Preventing web scraping is essential for website administrators. Beyond content theft, the server resources consumed by crawlers can be costly for many site owners.

This article presents a fundamental approach: analyzing Nginx logs to identify high-frequency IPs, then blocking them from accessing your site.

Identifying Scraper IPs

Execute the following command:

awk '{print $1}' access.log | sort | uniq -c | sort -nr | head -n 10

Where:

  • access.log: Your Nginx access log file

This command analyzes request IPs in Nginx logs, identifying the top 10 most active IPs. Typically, an IP generating numerous requests in a short timeframe is likely a scraper.

Blocking IP Access

Create a blockip.conf file in your Nginx configuration directory to manage blocked IPs.

Add scraper IPs in this format:

deny IP;

Parameters:

  • deny: Nginx access control directive for restricting server access
  • IP: Target IP (supports both IPv4 and IPv6)

Include this configuration in your http, server, or location block:

include blockip.conf;

Restart Nginx to apply changes.

Blocked IPs will receive 403 Forbidden responses.

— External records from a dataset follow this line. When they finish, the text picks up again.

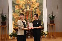 2023年7月12日上午,在首都博物馆贵宾厅举行捐赠仪式,两届奥运会金牌得主、中国跆拳道名将吴静钰女士将今年6月在首届奥林匹克电子竞技周跆拳道项目“虚拟跆拳道(Virtual Taekwondo)”的比拼中获得的第三名奖杯捐赠给首都博物馆,这也是中国代表团在奥林匹克电竞历史上获得的第一枚奖杯。首都博物馆副馆长谭晓玲女士向吴静钰女士颁发捐赠证书,代表首都博物馆祝贺奥运健儿再创佳绩,对捐赠奖杯致以诚挚谢意。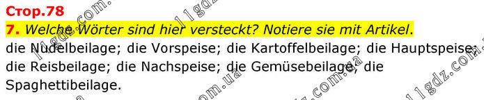 7. Welche Wörter sind hier versteckt? Notiere sie mit Artikel. die Nudelbeilage; die Vorspeise; die Kartoffelbeilage; die Hauptspeise; die Reisbeilage; die Nachspeise; die Gemüsebeilage; die Spaghettibeilage.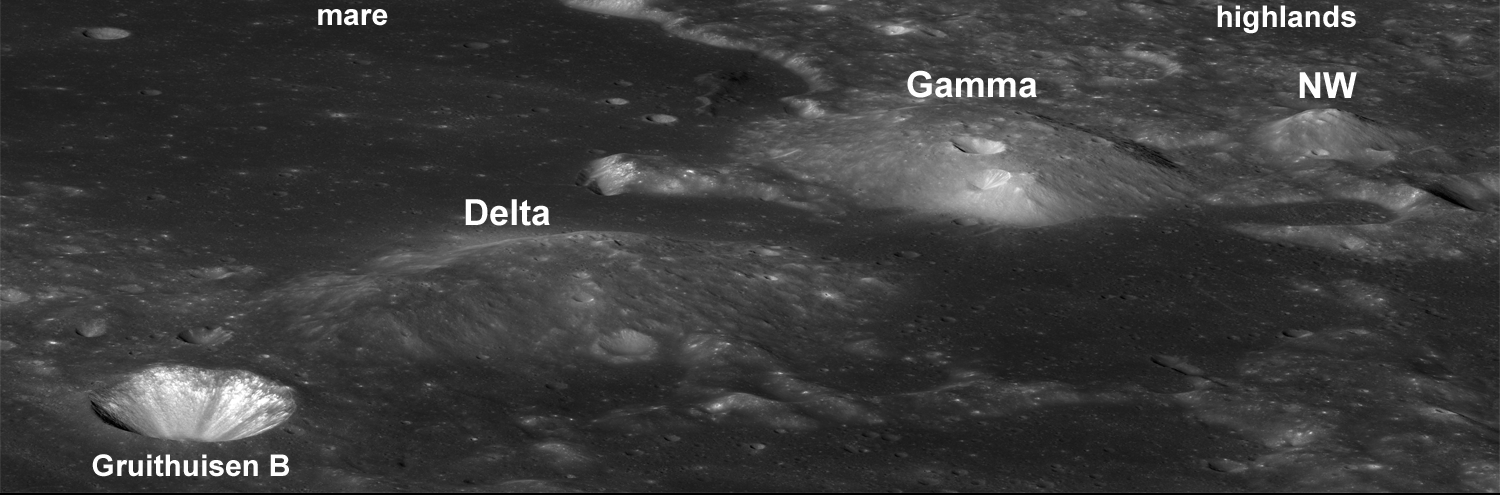 The last LROC Featured Image post on the Gruithuisen Domes featured some of the earliest NAC coverage of this amazing region. Now LROC brings you even more dramatic views of these volcanic domes from an oblique angle (viewing from East to West) at an altitude of 154 km (~96 miles) above the lunar surface. Located along the mare/highlands boundary on the northeast border of Oceanus Procellarum (36.6°N, 319.9°E), the three Gruithuisen domes Gamma, Delta, and Northwest (NW) are primary examples of lunar silicic volcanism.

Care should be taken to identify search engine spider requests and CDN back-to-origin requests;

Advanced Blocking Patterns

# Block single IP
deny IP;

# Allow single IP
allow IP;

# Block all IPs
deny all;

# Allow all IPs
allow all;

# Block IP range
deny IP/24;

Combination example:

# Whitelist specific IP while blocking others
allow IP;
deny all;